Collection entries
☆ ☆ ☆

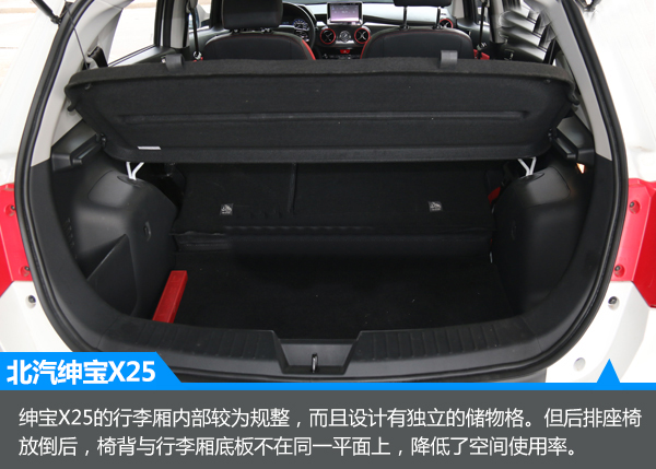 雖然紳寶X25定位于小型SUV,但其前后排的乘坐空間表現還是不錯的,完全可以應付日常使用。不過其儲物空間表現就沒那么出色了,車內的儲物空間并不豐富,而且多數儲物格的空間比較尷尬。但是紳寶X25的行李廂儲物空間還比較充裕,后排座椅還支持按比例放倒功能,能夠讓儲物空間得到靈活地拓展。
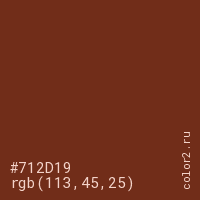 Цвет #712D19 в цветовой модели RGB обозначается тремя октетами (113, 45, 25) в десятичном формате и #712D19 в шестнадцатиричном (hex) формате, которые являются интенсивностью красного 113 (hex 71), интенсивность зелёного 45 (hex 2D) и интенсивность синего 25 (hex 19).
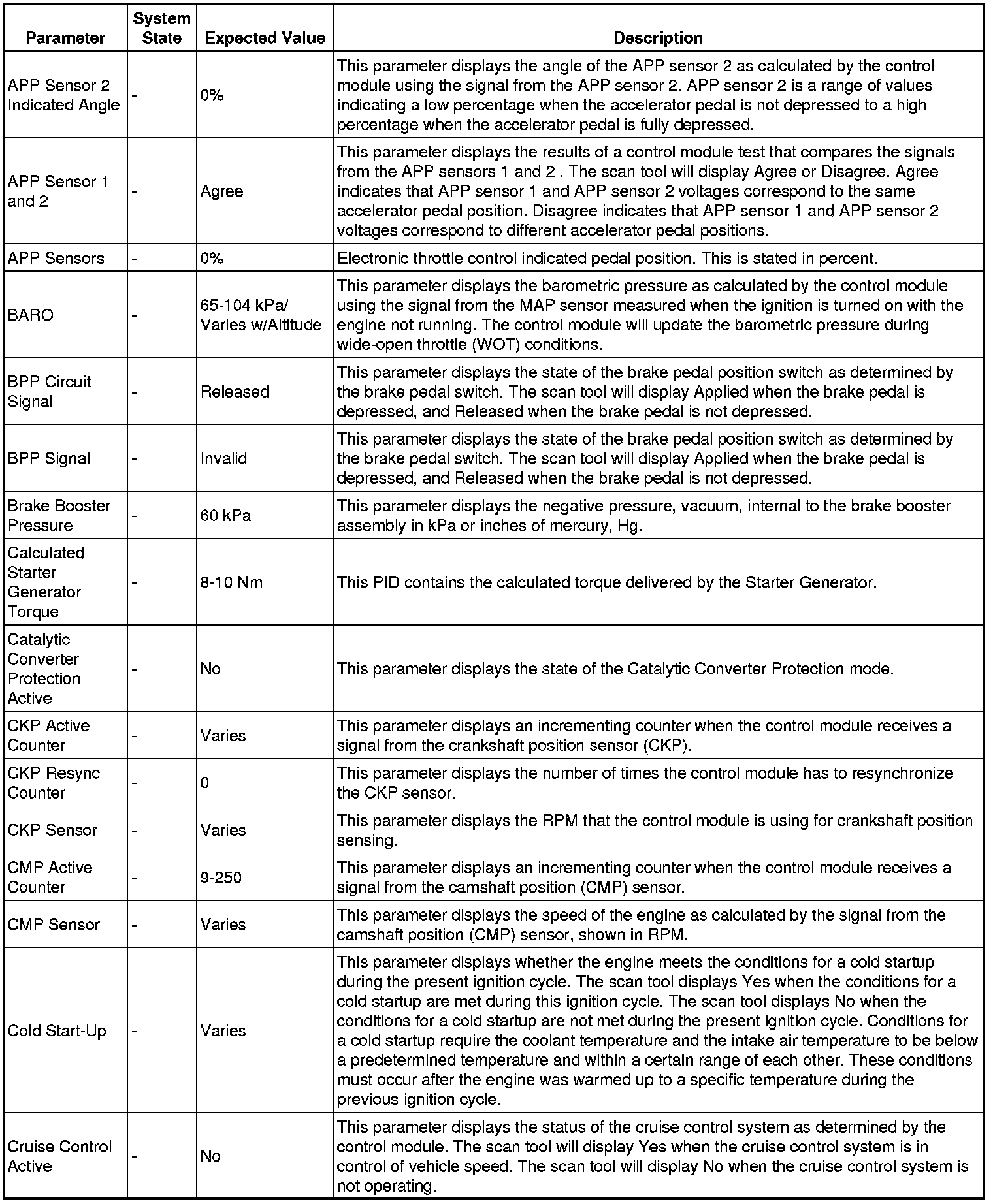 The Engine Scan Tool Data List contains all engine related parameters that are available on the scan tool. The list is arranged in alphabetical order.
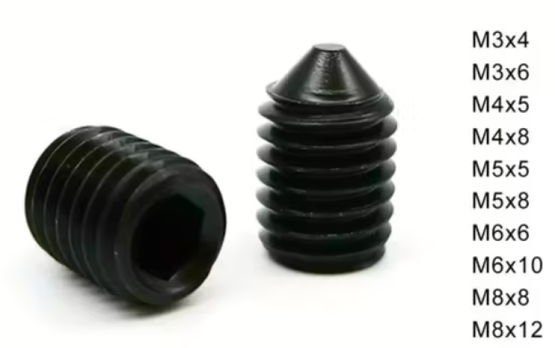 - Kartiomainen lukituskärki: Ruuvissa on tarkasti muotoiltu kartiomainen (kuoppapää / cone point) kärki, joka pureutuu tehokkaasti vastakappaleen pintaan. Tämä rakenne takaa erittäin tiukan ja tärinänkestävän lukituksen, estäen ruuvin itsestään löystymisen.
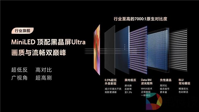 不仅如此,黑晶屏Ultra还具备178°超广视角,彻底攻克了大视角下画面泛白、变色的难题。其呈现的画面立体感远超普通屏幕,无论正前还是侧面,都能收获同样完美观看体验。这得益于独有的纳米级光学结构精密调控,确保光线均匀发散,以极致观感让每个角度都是最佳观赏位。
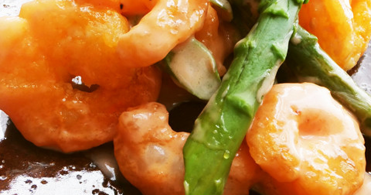海老って、炒めると縮むんですね~😭
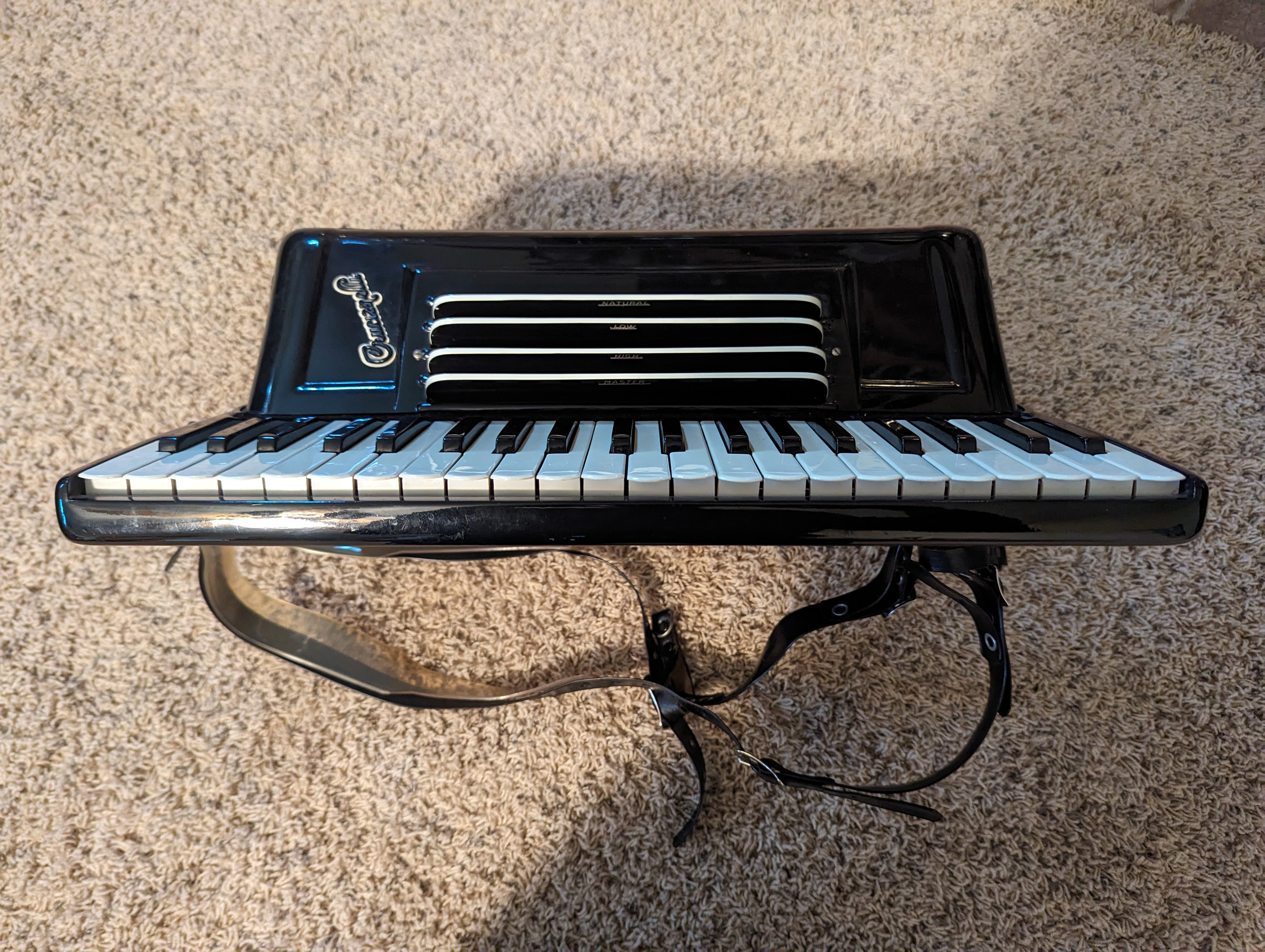 This piano accordion is in very good physical condition and tune, although a few
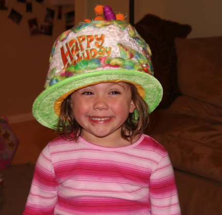 The birthday girl with her party-hatted pig. This, my friends, is what life is all about. A girl. A pig. A hat. A party. Good stuff.

☆ ☆ ☆

## Work request
Your copy should match the records above exactly, apart from the pictures, which stay out.

## Written answer
 雖然紳寶X25定位于小型SUV,但其前后排的乘坐空間表現還是不錯的,完全可以應付日常使用。不過其儲物空間表現就沒那么出色了,車內的儲物空間并不豐富,而且多數儲物格的空間比較尷尬。但是紳寶X25的行李廂儲物空間還比較充裕,后排座椅還支持按比例放倒功能,能夠讓儲物空間得到靈活地拓展。
 Цвет #712D19 в цветовой модели RGB обозначается тремя октетами (113, 45, 25) в десятичном формате и #712D19 в шестнадцатиричном (hex) формате, которые являются интенсивностью красного 113 (hex 71), интенсивность зелёного 45 (hex 2D) и интенсивность синего 25 (hex 19).
 The Engine Scan Tool Data List contains all engine related parameters that are available on the scan tool. The list is arranged in alphabetical order.
 - Kartiomainen lukituskärki: Ruuvissa on tarkasti muotoiltu kartiomainen (kuoppapää / cone point) kärki, joka pureutuu tehokkaasti vastakappaleen pintaan. Tämä rakenne takaa erittäin tiukan ja tärinänkestävän lukituksen, estäen ruuvin itsestään löystymisen.
 不仅如此,黑晶屏Ultra还具备178°超广视角,彻底攻克了大视角下画面泛白、变色的难题。其呈现的画面立体感远超普通屏幕,无论正前还是侧面,都能收获同样完美观看体验。这得益于独有的纳米级光学结构精密调控,确保光线均匀发散,以极致观感让每个角度都是最佳观赏位。
海老って、炒めると縮むんですね~😭
 This piano accordion is in very good physical condition and tune, although a few
 The birthday girl with her party-hatted pig. This, my friends, is what life is all about. A girl. A pig. A hat. A party. Good stuff.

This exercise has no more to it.